Mar 12

The Jordan Pass (Destinations: Amman, Jerash, Crusader Castles)

Traveled June, 2016

In late 2015, Jordan developed a product to boost their fledgling tourism industry – The Jordan Pass.  There are 3 variations in price of the Jordan Pass, with the only difference being the number of days you were allowed in Petra (1, 2, or 3 days).  In addition to Petra, the pass gave us entry into 40 different sites of Jordan a visa into Jordan assuming we stayed at least 3 days.  This pass was an incredible deal.

I ordered the pass online and was mailed a pdf document with a UPC code.  We printed these so they’d be ready at the border.  We chose to cross from Israel at the northern border as this was the one border we could get a visa on arrival.  The borders near Jerusalem and Eliat were requiring visas were obtained before the border.  We caught the bus in Nazareth and it was super easy to cross over the Jordan river one last time:

And get to the Jordanian border and eventually on to Amman.  We were the only non-Arab passengers on the bus.  On the Israeli side, we paid an exit tax and (unfortunately) got an exit stamp.  I say unfortunately because there are several countries of the world that don’t recognize Israel as a country and don’t allow entrance to anyone who has an Israeli passport or stamp.  We hopped on the bus and headed over to Jordan immigration. We flashed our Jordan Passes and our passports were stamped with a strange sticker placed over the stamp to disguise it.

In Amman, we took advantage of the two sites that were on the Jordan pass.  First we stopped at the coliseum.

Next we climbed the hill through some residential streets, stairs, and alleys to the old city of Philadelphia.

On the second day in Jordan, we had arranged a driver from the owner of the Tower Hotel.  The driver took my friend, myself, and a solo traveler from Taiwan on a full day ride down to Petra via the scenic and slower King’s Highway.  This was an alternative to the much faster, less scenic Queen’s Highway.  We first stopped in Madaba to see the mosaics at the greek church.  This church was not on the Jordan pass, but only cost $1 JD to enter.

Then we drove farther south to visit the Crusader castle in Karak.  This castle was famous for some very brutal crusaders.

Even further south we had some amazing views of the dead sea, valleys, and Bedouins.

Our final stop that day was at Shobak Castle, another castle that accepted the Jordan Pass.

 

We spent the next 3 nights and 2 days in Petra, as covered by the Jordan Pass.

And then Wadi Rum national park, also covered by the Jordan Pass.

There was little in Aqaba covered by the pass, only a ruined castle.

And finally we caught one bus from Aqaba to Amman, via the Queens highway.  The Trabadour bus stop was also the bus stop for buses headed to Jerash, so we easily found a bus that left in a few minutes.  After a couple hours, we were dropped in Jerash.  As we had quite a few hours before we needed to catch a taxi to the airport, we stored our bags at the hotel that was opposite the Jerash gate.  The proprietor there was such a good guy.  We offered him money to watch our bags but he wouldn’t accept any.  He also let us use the clean restrooms.  The hotel was empty.  Problems of the world has really taken it’s toll on tourism here.

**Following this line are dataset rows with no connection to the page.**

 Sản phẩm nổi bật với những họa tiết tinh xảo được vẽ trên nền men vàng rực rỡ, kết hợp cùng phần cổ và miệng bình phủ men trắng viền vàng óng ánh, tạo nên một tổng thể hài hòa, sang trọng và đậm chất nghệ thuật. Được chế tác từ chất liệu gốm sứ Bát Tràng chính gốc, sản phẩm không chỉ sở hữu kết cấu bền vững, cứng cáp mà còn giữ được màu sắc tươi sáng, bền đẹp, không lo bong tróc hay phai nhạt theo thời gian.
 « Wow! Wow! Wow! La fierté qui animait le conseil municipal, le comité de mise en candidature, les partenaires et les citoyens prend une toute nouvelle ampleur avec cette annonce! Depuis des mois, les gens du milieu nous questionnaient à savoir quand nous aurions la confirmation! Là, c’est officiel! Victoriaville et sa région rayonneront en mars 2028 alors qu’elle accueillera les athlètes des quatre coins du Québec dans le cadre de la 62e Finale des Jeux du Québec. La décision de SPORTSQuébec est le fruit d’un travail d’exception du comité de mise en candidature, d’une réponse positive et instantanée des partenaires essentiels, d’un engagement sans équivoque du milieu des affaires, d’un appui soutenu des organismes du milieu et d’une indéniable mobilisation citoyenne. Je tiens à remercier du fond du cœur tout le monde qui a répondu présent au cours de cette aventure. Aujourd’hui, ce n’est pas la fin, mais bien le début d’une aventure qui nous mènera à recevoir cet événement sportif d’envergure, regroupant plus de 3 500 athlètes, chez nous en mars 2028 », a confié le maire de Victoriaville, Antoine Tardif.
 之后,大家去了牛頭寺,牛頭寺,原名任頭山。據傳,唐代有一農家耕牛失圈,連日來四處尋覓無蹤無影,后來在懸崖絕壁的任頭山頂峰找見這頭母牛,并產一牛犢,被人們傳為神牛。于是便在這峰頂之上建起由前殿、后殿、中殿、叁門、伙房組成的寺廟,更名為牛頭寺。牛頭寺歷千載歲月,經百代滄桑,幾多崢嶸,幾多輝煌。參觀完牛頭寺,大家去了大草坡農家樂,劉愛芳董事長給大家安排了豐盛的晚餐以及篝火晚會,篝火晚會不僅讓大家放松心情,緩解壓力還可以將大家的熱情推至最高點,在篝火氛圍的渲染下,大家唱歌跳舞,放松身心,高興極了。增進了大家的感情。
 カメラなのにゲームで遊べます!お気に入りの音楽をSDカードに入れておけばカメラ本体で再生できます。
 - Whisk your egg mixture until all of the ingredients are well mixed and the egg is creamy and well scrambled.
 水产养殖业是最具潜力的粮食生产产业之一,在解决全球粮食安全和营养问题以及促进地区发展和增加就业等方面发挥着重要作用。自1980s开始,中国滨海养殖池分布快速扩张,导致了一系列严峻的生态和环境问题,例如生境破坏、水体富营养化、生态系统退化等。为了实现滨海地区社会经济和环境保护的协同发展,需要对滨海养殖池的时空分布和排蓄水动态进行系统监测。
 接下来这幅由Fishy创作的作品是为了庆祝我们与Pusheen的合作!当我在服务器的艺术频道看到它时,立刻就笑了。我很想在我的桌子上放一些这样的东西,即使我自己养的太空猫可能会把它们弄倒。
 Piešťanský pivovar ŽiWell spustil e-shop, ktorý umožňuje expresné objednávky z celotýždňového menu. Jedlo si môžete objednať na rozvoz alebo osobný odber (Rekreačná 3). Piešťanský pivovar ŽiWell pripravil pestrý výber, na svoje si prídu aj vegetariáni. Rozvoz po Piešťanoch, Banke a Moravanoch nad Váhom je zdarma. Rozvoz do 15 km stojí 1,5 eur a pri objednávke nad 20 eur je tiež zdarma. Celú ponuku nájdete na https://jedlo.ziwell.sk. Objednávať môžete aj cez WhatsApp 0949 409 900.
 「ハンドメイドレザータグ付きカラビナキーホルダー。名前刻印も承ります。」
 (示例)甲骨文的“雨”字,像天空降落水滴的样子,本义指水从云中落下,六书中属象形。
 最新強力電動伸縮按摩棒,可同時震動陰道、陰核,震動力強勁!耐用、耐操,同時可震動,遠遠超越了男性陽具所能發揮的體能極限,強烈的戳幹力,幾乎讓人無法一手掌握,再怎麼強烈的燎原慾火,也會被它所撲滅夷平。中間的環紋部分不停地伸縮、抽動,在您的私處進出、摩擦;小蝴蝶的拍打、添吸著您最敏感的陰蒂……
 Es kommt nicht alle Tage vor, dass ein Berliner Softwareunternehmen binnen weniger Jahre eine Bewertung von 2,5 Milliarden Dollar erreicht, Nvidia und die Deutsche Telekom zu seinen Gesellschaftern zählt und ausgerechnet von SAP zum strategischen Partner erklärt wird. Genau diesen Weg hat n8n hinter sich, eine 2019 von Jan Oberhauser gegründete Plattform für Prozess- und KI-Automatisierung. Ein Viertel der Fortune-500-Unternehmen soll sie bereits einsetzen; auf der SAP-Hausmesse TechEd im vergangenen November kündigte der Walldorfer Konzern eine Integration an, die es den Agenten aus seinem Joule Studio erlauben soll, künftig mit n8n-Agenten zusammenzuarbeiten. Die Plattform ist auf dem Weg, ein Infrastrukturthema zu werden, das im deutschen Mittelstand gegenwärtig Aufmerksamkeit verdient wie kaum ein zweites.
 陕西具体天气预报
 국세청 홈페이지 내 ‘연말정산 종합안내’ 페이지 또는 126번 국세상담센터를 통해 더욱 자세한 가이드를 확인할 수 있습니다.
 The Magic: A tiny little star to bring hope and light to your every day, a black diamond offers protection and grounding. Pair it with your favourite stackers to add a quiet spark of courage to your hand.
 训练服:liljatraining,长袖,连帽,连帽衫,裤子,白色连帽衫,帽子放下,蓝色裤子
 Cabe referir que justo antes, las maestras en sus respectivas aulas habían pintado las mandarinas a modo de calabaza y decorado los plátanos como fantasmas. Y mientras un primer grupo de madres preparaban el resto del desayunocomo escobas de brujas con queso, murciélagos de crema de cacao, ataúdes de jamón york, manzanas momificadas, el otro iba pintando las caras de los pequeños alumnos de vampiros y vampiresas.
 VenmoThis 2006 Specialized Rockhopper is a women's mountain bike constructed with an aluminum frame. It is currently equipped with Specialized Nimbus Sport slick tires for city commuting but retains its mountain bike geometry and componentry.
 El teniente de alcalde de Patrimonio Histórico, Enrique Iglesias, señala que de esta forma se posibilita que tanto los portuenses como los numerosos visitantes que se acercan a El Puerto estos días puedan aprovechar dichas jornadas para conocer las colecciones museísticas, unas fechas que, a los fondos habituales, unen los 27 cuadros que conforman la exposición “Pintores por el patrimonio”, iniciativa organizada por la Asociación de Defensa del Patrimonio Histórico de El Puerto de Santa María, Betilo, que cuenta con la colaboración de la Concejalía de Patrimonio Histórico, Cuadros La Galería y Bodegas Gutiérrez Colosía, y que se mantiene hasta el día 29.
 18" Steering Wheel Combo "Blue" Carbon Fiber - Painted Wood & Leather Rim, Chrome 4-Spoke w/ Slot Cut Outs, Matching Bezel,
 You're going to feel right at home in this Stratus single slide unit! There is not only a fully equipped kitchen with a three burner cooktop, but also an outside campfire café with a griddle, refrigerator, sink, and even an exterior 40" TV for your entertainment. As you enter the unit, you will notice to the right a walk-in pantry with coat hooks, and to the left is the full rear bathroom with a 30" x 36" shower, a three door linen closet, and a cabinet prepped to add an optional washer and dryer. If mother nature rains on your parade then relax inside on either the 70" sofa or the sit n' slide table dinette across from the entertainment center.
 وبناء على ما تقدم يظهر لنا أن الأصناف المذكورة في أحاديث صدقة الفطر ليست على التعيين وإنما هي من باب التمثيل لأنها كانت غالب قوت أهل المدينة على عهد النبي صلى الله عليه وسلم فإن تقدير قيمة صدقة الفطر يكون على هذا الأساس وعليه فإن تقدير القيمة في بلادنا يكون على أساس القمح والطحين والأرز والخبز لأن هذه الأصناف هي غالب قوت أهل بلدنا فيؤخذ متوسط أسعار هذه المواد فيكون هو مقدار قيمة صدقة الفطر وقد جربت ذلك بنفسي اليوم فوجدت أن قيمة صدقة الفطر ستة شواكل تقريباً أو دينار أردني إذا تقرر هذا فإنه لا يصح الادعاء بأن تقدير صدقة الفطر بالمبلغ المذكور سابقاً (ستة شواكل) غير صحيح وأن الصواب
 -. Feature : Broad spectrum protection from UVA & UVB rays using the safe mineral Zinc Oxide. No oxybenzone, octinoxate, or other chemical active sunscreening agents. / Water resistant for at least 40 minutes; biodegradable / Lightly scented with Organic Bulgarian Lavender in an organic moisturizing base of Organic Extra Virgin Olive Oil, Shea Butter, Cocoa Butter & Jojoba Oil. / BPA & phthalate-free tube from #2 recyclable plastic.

We decided to head to the Lebanese restaurant listed in the Lonely Planet.  It was only a 1 km walk south of the center but before the walk, I had bought a cheap bottle of Diet Pepsi from a shop as we hadn’t had much to drink all day and the sun was scorching.  And then the scariest thing that happened after 2 and a half weeks in Israel, Palestine, and Jordan.  There were people camping by the side of the road and loads of children came running and tugging on our limbs, clothes, purses, etc.  I’m pretty sure they were both panhandling and looking for an easy way to pick-pocket.  Some local guys yelled at the kids and they ran away.  I did some research on this later and I’m certain that they were Jordanian gypsies, a minority group that is poorly educated and discriminated against.  I felt kind of guilty eating at the Lebanese restaurant after that.  It was easily the most expensive restaurant we had visited on the whole trip.

Jerash ruins were covered in the Jordan Pass and well worth the effort to get there.  The site was quite empty when we visited in the late afternoon – probably only dozens of tourists in a very large complex.

Some of the temples contained interesting mosaics.

There was some wildlife to be found in Jerash – lizards, birds, butterflies and huge millipedes – about 8 inches long.

After closing time, we still had an hour to have some quick dinner – our choices were Classy Chicken, or Cheesy Grill.

Dessert was at an Arab bakery:

The guy at the hotel that kept our bags also called a taxi driver and negotiated a good rate for us.  The hospitality was great.

At the airport, there were large groups of refugees checking onto my Ukrainian International Air flight.  They also were on my flight from Kyiv to JFK- New York.